Haricot blanc géant: C’est Gaétan. Et maintenant ferme ta gueule et écoute-moi bien, Julien. Un écureuil issu d’une PMA foirée, ça ne s’invente pas. Et ça ne peut être qu’une chose: c’est forcément l’Antéchrist.
JCN: oh là là, c’est quoi cette galère putain… Et puis c’est quoi ça déjà l’Antéchrist ?
Gaétan: C’est le faux prophète. Le Fils de la perdition. Un être dégénéré venu sur terre pour combattre les forces du Bien. Il est le signe du Mal, la pute de Satan. Il incarne le déclin du monde.
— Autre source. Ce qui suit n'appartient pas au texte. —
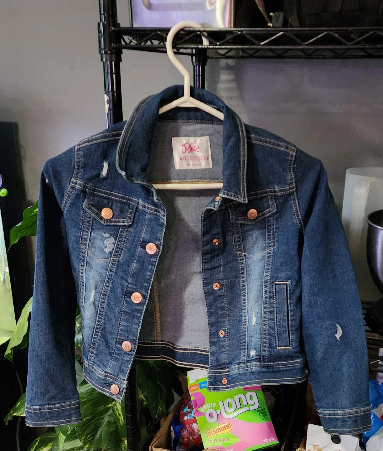 This is a cute denim jacket from Justice in size 6/7. It features a classic denim wash with copper-tone buttons and a stylish, slightly distressed look. Perfect for layering!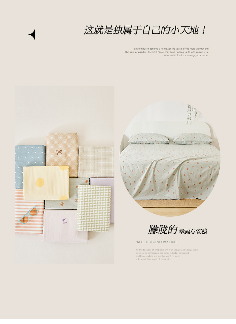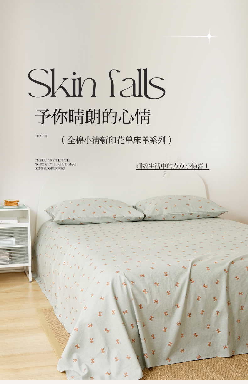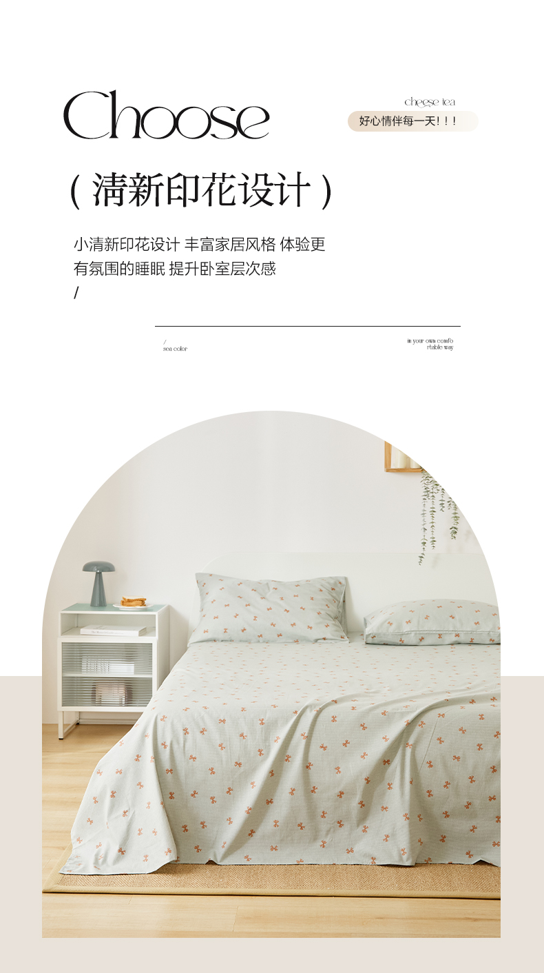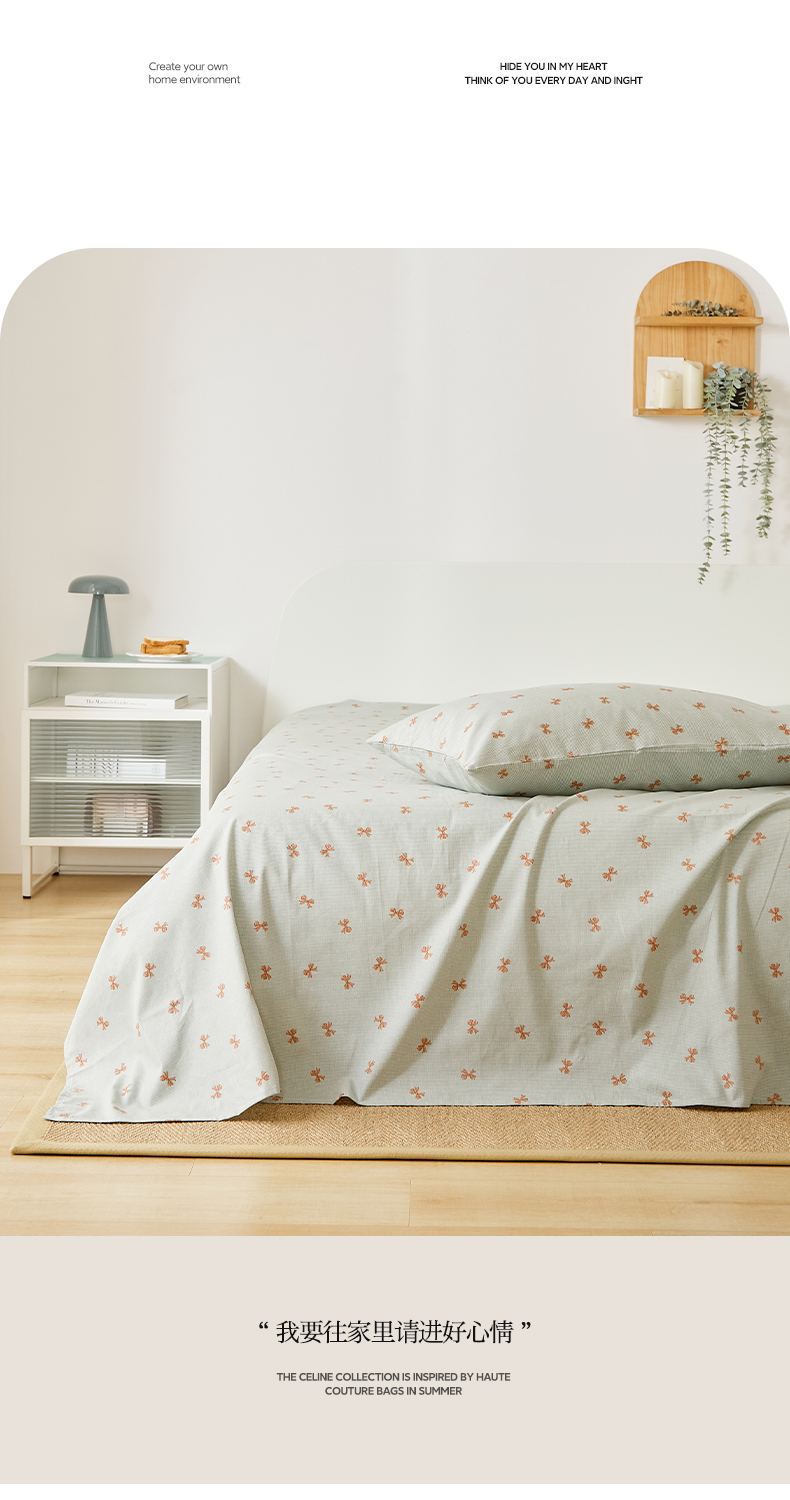 商品名称:EH家居 2025新款全棉小清新印花单床单-织光系列 情书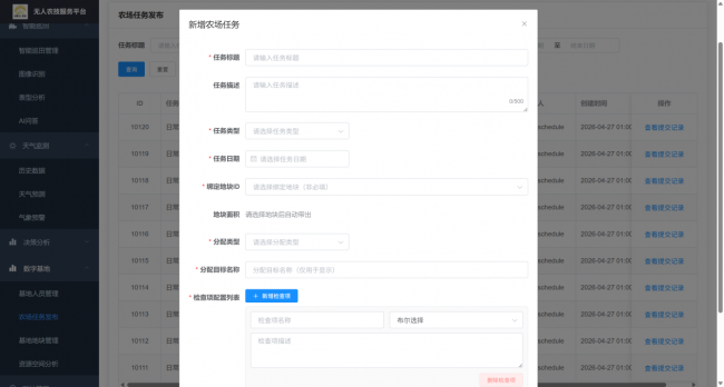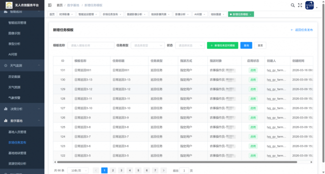 通过大晓智能无人农技服务 Web 管理平台,农场主及管理人员可实现人员统一管控,同时面向本地农事操作人员在线下发各类田间作业任务。系统可明确任务指标、完成时限与详细作业要求,任务内容清晰具象、权责明确,实现农事任务标准化、线上化高效统筹。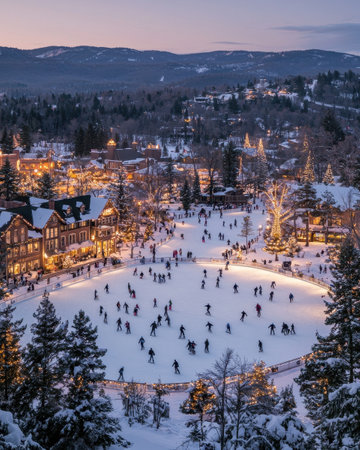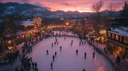 Experience the magic of winter at a mountain resort, where people of all ages enjoy ice skating together under the vibrant pink and purple hues of a setting sun.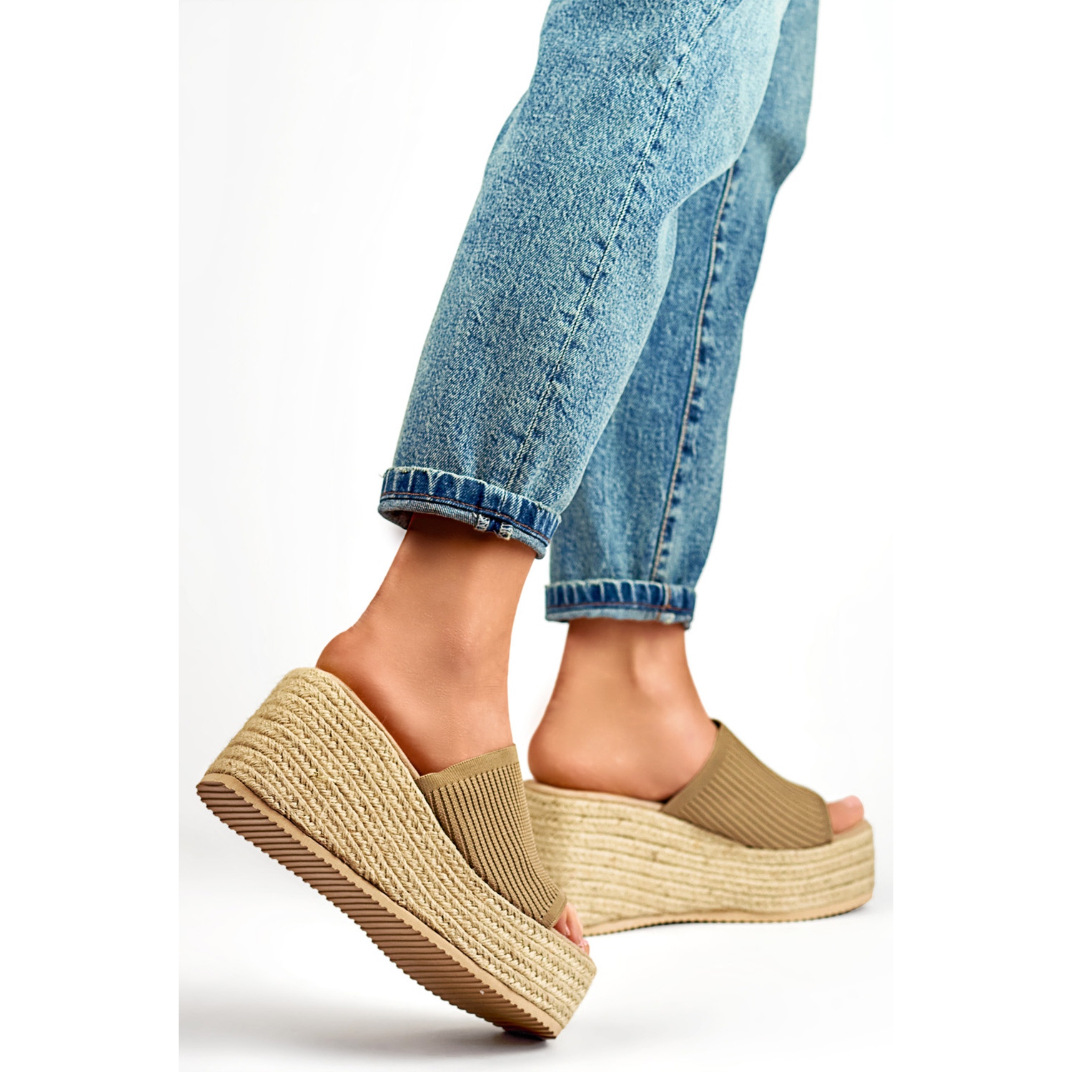 Clapele sunt caracterizate printr -o platformă înaltă de 9 cm, care nu numai că adaugă optic centimetri, dar face și mersul în ele mai plăcut și mai puțin obositor. Designul introdus face mai ușor să se pună și să decoleze, iar culoarea lor neutră bej le face să se potrivească cu multe stiluri - de la fiecare zi cu zi la cele mai elegante.

JCN: Mais n’importe quoi, tu délires le haricot. Et puis même si c’est vrai, qu’est-ce que je suis censé faire ?
Gaétan: Et ben on m’a pas donné beaucoup de détails, mais en gros, tu dois foutre la merde et agir comme un enculé de première. Pervertir et dégrader l’humanité. Et ce faisant : annoncer l’Apocalypse au monde entier.
JCN: Mais c’est quoi ce job de merde ! Trouvez-vous un autre guignol qui ressemblera plus à un pigeon que moi avec ma dégaine d’écureuil.
Gaétan: Le temps presse et j’ai encore un message pour toi, Julien. En menant à bien ta mission, tu seras amené à rencontrer ton père. Cette rencontre sera capitale.
JCN: Capitale comment ? Et je dois faire quoi quand je verrai mon père ? Et comment je saurai que c’est lui ? Et puis qu’est-ce que ce fdp vient foutre là-dedans ??
Gaétan: Je ne peux pas t’en dire plus. Je dois te laisser, on m’attend en cuisine.
JCN: Attends ! Tu peux au moins me dire pourquoi tu m’as tabassé à mort ? Je crois que tu m’as pété le poignet, putain de merde.
Gaétan: On m’attend en cuisine.
JCN: Putain, putain putain
Gaétan: Une toute dernière chose, Julien : tu as intérêt à prendre ta Mission au sérieux. Sinon, on reviendra. Et ce ne sera plus pour discuter sous une table comme deux connards hallucinés.
Et cette enflure de haricot flatulent est effectivement partie vers les cuisines.
L’Apocalypse? Très bien, avec plaisir.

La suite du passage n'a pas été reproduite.